Requirements for production with our Protein Printer system
Our Protein Printer allows for extremely pure protein to be obtained. However, the system has limitations with regards to the complexity of the proteins that can be produced. The optimal protein to produce with our system should therefore be as simple as possible, able to fold by itself, have a minimum number of post-translational modifications (PTM) and be relatively stable.
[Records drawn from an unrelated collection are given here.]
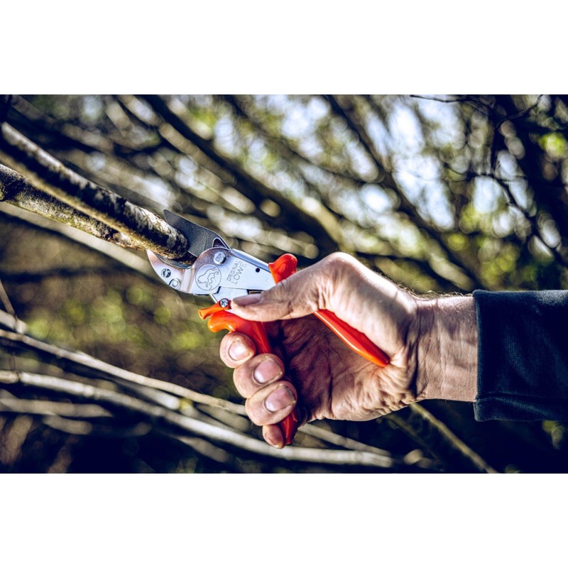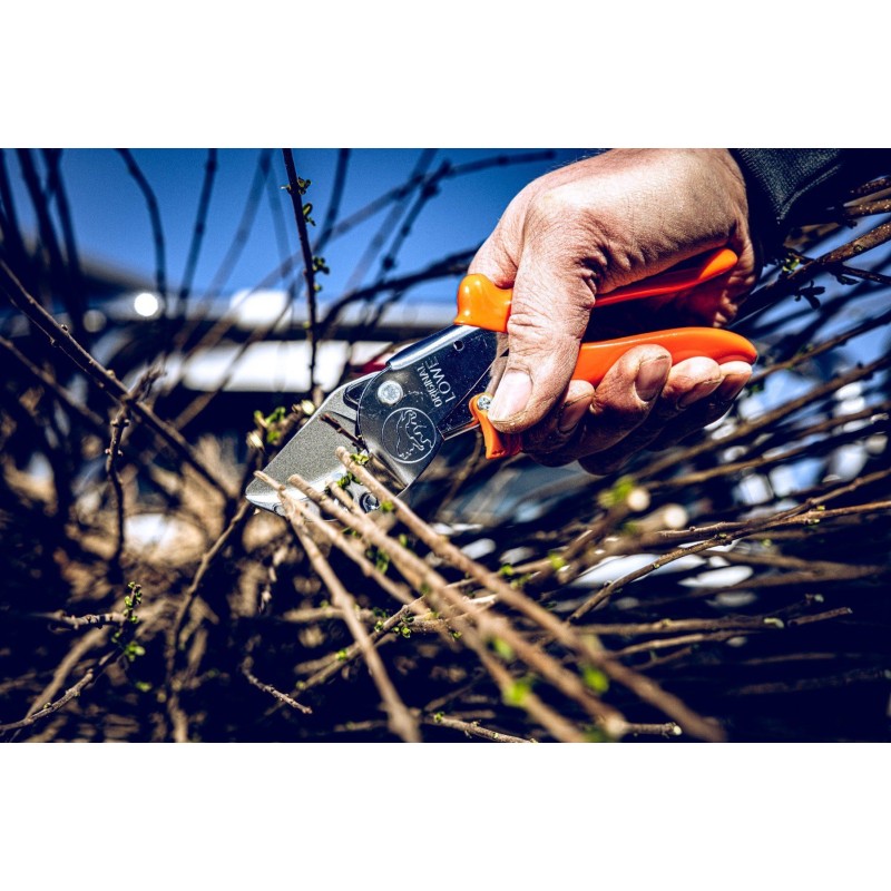 Innowacyjny sekator jednoręczny Lowe 10.107 to uniwersalny profesjonalny mały sekator kowadełkowy, o ergonomicznym kształcie, idealny do cięcia grubych gałęzi, a przy tym wygodny w użyciu. Łączy zalety technologii kowadła i tradycyjnej, dzięki połączeniu geometrii obejściowej i ciągnącego cięcia z dociskiem do nieruchomej podkładki.
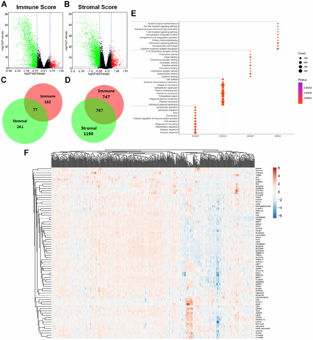 To explore differential expressed genes (DEGs) profiles with immune and/or stromal scores, we performed transcriptional microarray analysis of 533 ccRCC cases from TCGA cohort. Based on immune score comparison, 162 genes were up-regulated and 747 genes down-regulated in the high score than the low score group after propensity analysis using limma package algorithm (Figure 2A). Similarly, for high stromal score compared with low score, 261 up-regulated genes and 1198 down-regulated genes were obtained (Figure 2B). A total of 77 DEGs were commonly upregulated in the high scores groups (Figure 2C), and 787 genes were synchronously downregulated using Venn algorithm (Figure 2D).
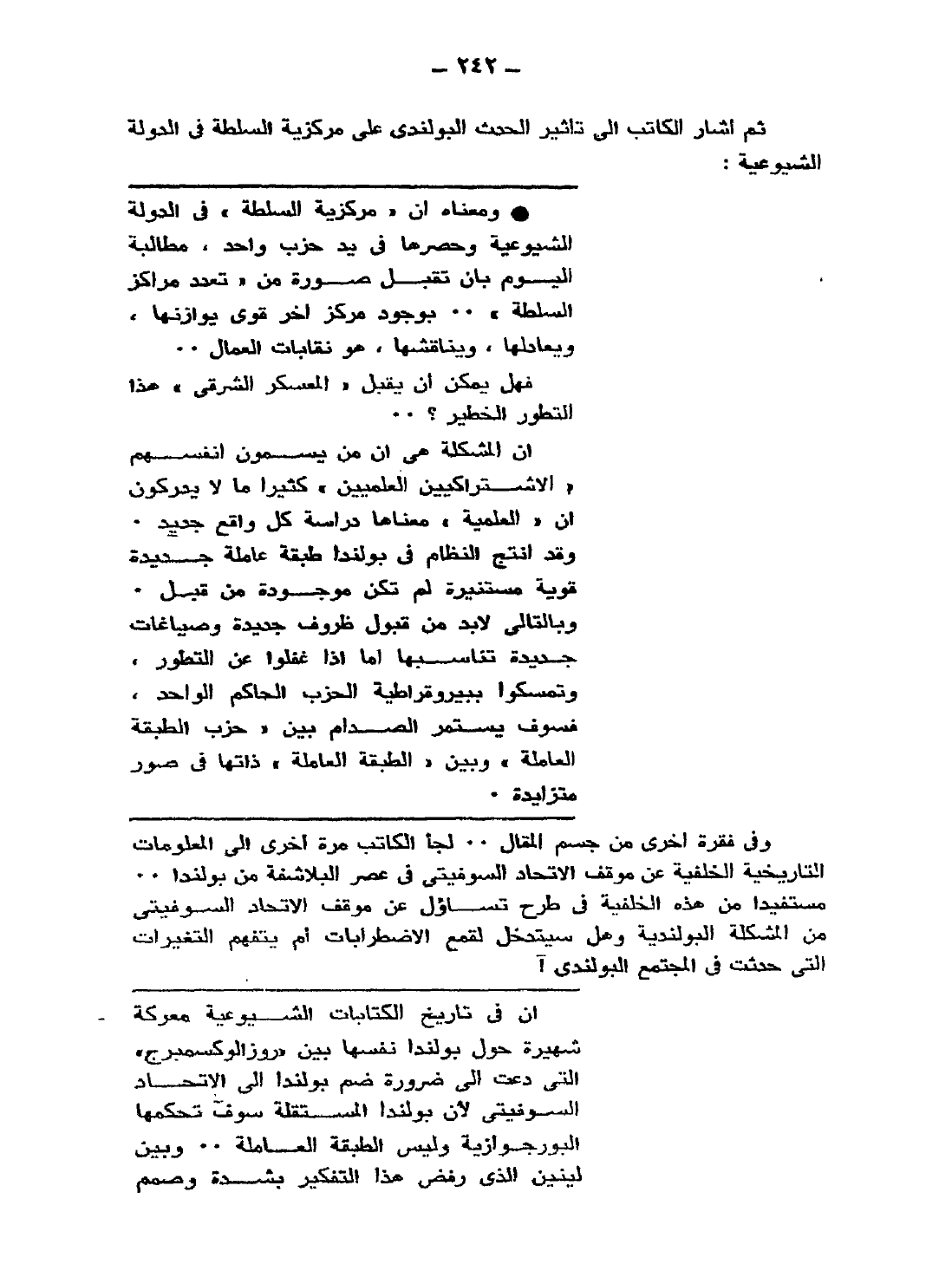 ثم أشار الكاتب إلى تأثير الحدث البولندي على مركزية السلطة في الدولة الشيوعية:
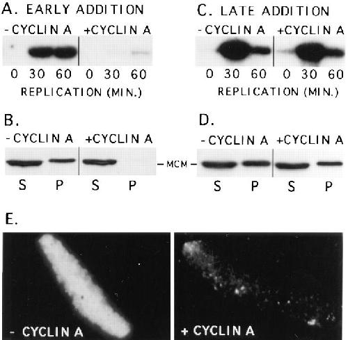 Figure 6. Cyclin A inhibits MCM3 binding to chromatin and blocks DNA replication. (A) Interphase cytosol was preincubated alone (− CYCLIN A) or with 66 nM of cyclin A–GST fusion protein for 30 min. After this preincubation, membrane and sperm (1,000 sperm/μl) were added. Equal volumes of these extracts were removed at the indicated times and labeled with [32P]dATP for 15 min. In extracts lacking added cyclin A, replication occurred normally, while in the presence of cyclin A replication was strongly inhibited. (B) Interphase cytosol was preincubated with or without 66 nM of cyclin A-GST for 30 min. Sperm nuclei were then added to 5,000 sperm/μl. After a further 30-min incubation, the samples were diluted fivefold with ELB and the sperm chromatin separated from the cytosol by centrifugation through a sucrose cushion. The cytosol (S) and chromatin (P) fractions were analyzed for MCM3 content by Western blotting with antiMCM3 antibody. Preincubation of cytosol with cyclin A strongly inhibited the subsequent association of MCM3 with chromatin. (C) Interphase cytosol was first incubated with 1,000 sperm/μl for 30 min. This reaction was then divided in half, and 66 nM cyclin A was added to one aliquot (+ CYCLIN A). Membrane was then added to both halves, and DNA replication was assayed as in (A). Under these conditions cyclin A did not inhibit DNA replication. (D) Interphase cytosol was incubated with 5,000 sperm/μl for 30 min. Either ELB buffer (− CYCLIN A) or 67 nM of cyclin A-GST (+ CYCLIN A) was then added to the reactions. After a further 30-min incubation, samples were collected and analyzed as in B. Under these conditions late addition of cyclin A did not prevent MCM3 from binding to sperm chromatin. (E) The samples were treated as in B above, however, instead of pelleting the sperm after incubation, the chromatin-bound MCM3 was visualized by staining with anti-MCM3 antibody, followed by rhodamine-labeled anti–rabbit IgG. Early addition of cyclin A (+ CYCLIN A) blocked the association of MCM3 with chromatin when compared to controls lacking cyclin A (− CYCLIN A).

Limitations of our system:
1) Folding of the proteins: Once the protein of interest is secreted across the membrane it needs to be able to fold more or less by itself in the conditions of the buffer. This means that smaller and simpler proteins are better to produce with our system given that they are better at folding on their own. How big this folding challenge will be will become clearer when we have data on production of protein with our system. For now we have spoken with Michael Hecht at the European iGEM meetup who suggested we tried to produce his fusion proteins that were better at self-folding. If they work well we could try using his technique for protein production with our system and our protein of interest.
2) Posttranslational modifications: As we produce our proteins using E. coli we are not able to produce proteins with all kinds of posttranslational modifications (PTM). For instance, it is not possible to produce glycosylated proteins in E. coli. PTM is more characteristic for eukaryotic systems, and this fact further complicates protein production, since some PTMs, such as glycosylations, cannot be performed in prokaryotic cells.
Based on the limits of our Protein Printer we have looked at size and PTM's of the proteins we found biologically interesting and wish to produce with our system. This we have done in order to get an idea of the feasibility of producing each protein with our system.
Table text: this table has been made by us (PharMARSy) and the pictures are from the Uniprot database. The table show the complexity, structure and uniprot code
No matter which protein we choose to produce, we will need to optimize the conditions for production taking the specific protein into account. How important the theoretical limitations we present here are, will be further unveiled upon future investigation and experiments.
Based on our research and discussion with expert we propose to use our system for production of IGF-1, PTH, GH, G-CSF and camelid antibody during long lasting space missions. First of all this decision is based on our interviews and discussions with experts. Based on their opinions we have further considered how easy the different proteins would be to produce with our system taking into consideration posttranslational modifications (PTM), protein size and the literature. We have therefore analyzed potential target proteins from several perspectives, especially considering 1) is this protein interesting from a medical point of view? 2) Is this proteins feasible to produce with our system? It has been very important for development of our project to have the possibility to speak with experts such as Virginia Wotring, Karen McDonald, Jon Scott, Jørgen Sauer and Eva Horn Møller and we have very much incorporated their inputs into the very core of our project.